‘Arthur!!!’ krijste ze. ‘Arthur! Je bent het kerstbrood vergeten! Sukkel! Ik had nog zo gezegd het kerstbrood niet te vergeten en wat vergeet je? Natuurlijk het kerstbrood!’
In de gang hoorde hij stampvoeten en Artur keek op. Met een verhit hoofd stond ze boven hem. ‘Is dat nou zo moeilijk te onthouden?’ tierde ze. ‘Ik heb het speciaal met vette letters op het boodschappenbriefje gezet. K-E-R-S-T-B-R-O-O-D’. Elke letter sprak ze zorgvuldig uit alsof ze bang was dat Arthur anders geen idee had waar het over ging.
‘Ik had het niet zien staan’ murmelde de arme man schuldbewust. ‘Ik had het echt niet op het briefje gezien. Anders had ik natuurlijk…’
‘Het stond op de ACHTERKANT van het briefje. Op de ACH-TER-KANT. Niet gezien? Te stom om even op de achterkant van het briefje te kijken natuurlijk. Godsamme. Wat heb ik nou aan jou?’
‘Ik kan nu nog wel even naar de Plus?’ bood hij aan. ‘Of naar de Lidl? Of naar…’
‘Ach man, sodemieter op’, fulmineerde ze. ‘De kerstbroden zijn nu toch allang weg. Bovendien gaan de winkels straks dicht dus waar heb je het over’.
Ze wierp Artur een vernietigende blik toe en hij voelde hoe hij ineen schrompelde.
‘Wat een leven is dit’, mompelde ze terwijl ze wegliep. ‘Wat een leven heb ik toch. Ik ben getrouwd met een zwakzinnige. Waar heb ik dit aan verdiend?’
Arthur ging wat rechter in zijn stoel zitten en zuchtte. Het was elk jaar hetzelfde.
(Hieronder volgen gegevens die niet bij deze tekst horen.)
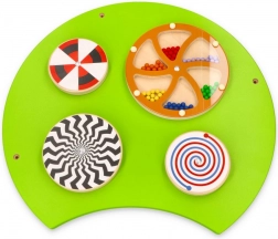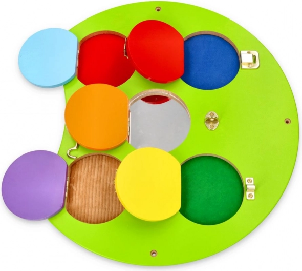 Ontdek een wereld vol kleuren met deze muurset in de vorm van een rups. Het bevat vijf interactieve delen waarmee kinderen spelenderwijs verschillende vaardigheden kunnen ontwikkelen:
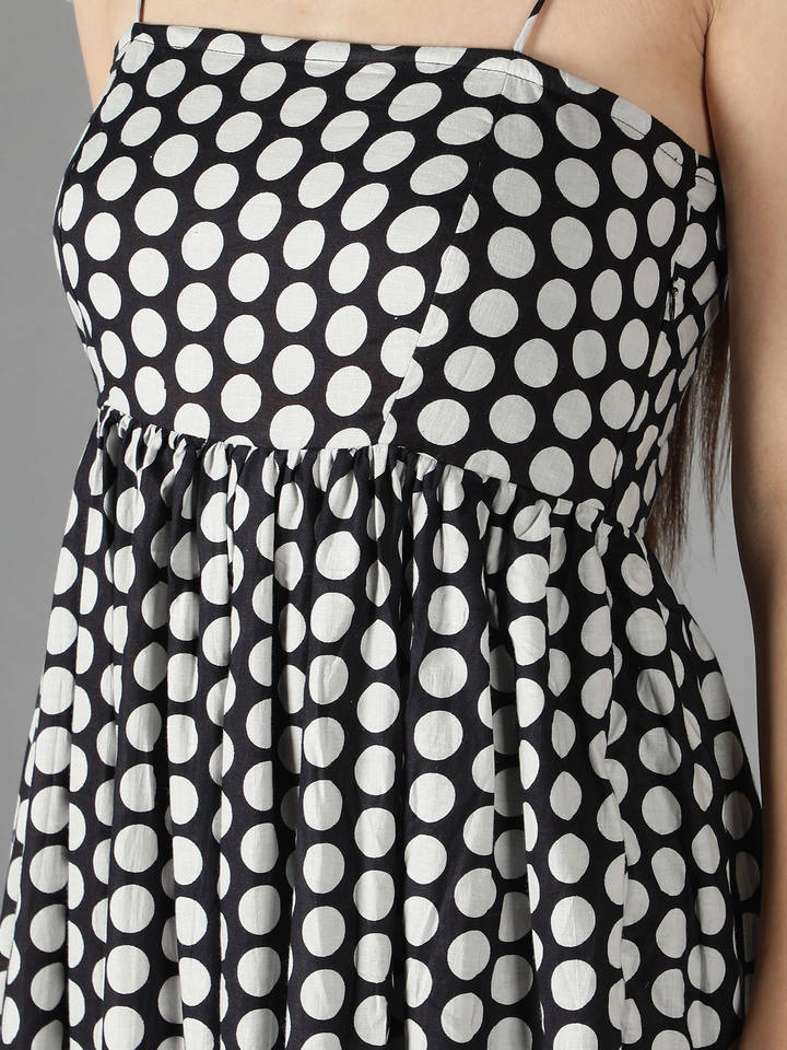 ชุดเดรสผ้าคอตตอนผูกติดไหล่ลายจุดสีดำและสีขาวชุดปาร์ตี้แฟชั่นชุดตะวันตกสำหรับผู้หญิง

Elk jaar werden de kerstdagen vergald omdat hij een vrouw om zich heen had die permanent in staat van grote opwinding verkeerde en dan drukte hij het nog subtiel uit. En waarom? Waar was het voor nodig? Ze kregen niemand over de vloer met de kerst en ze zouden verder nergens heengaan – alle contacten die ze ooit hadden had ze allang de deur uitgejaagd. Ze zouden dus gewoon met z’n tweetjes zijn met de kerst en toch maakte ze zich zo druk dat hij er al maanden van tevoren tegenop zag.
‘Godver…!!!’ hoorde hij vanuit de keuken en een ijskoude hand greep om zijn hart.
‘Laat me niet nog wat vergeten zijn’ smeekte hij terwijl hij zich alvast opmaakte voor de tirade die ongetwijfeld zou volgen.
‘De roomboter!!!! Zelfs de ROOMBOTER ben je vergeten! Ben je dan werkelijk nergens goed voor man? Ben je werkelijk te stom om uit je ogen te kijken?’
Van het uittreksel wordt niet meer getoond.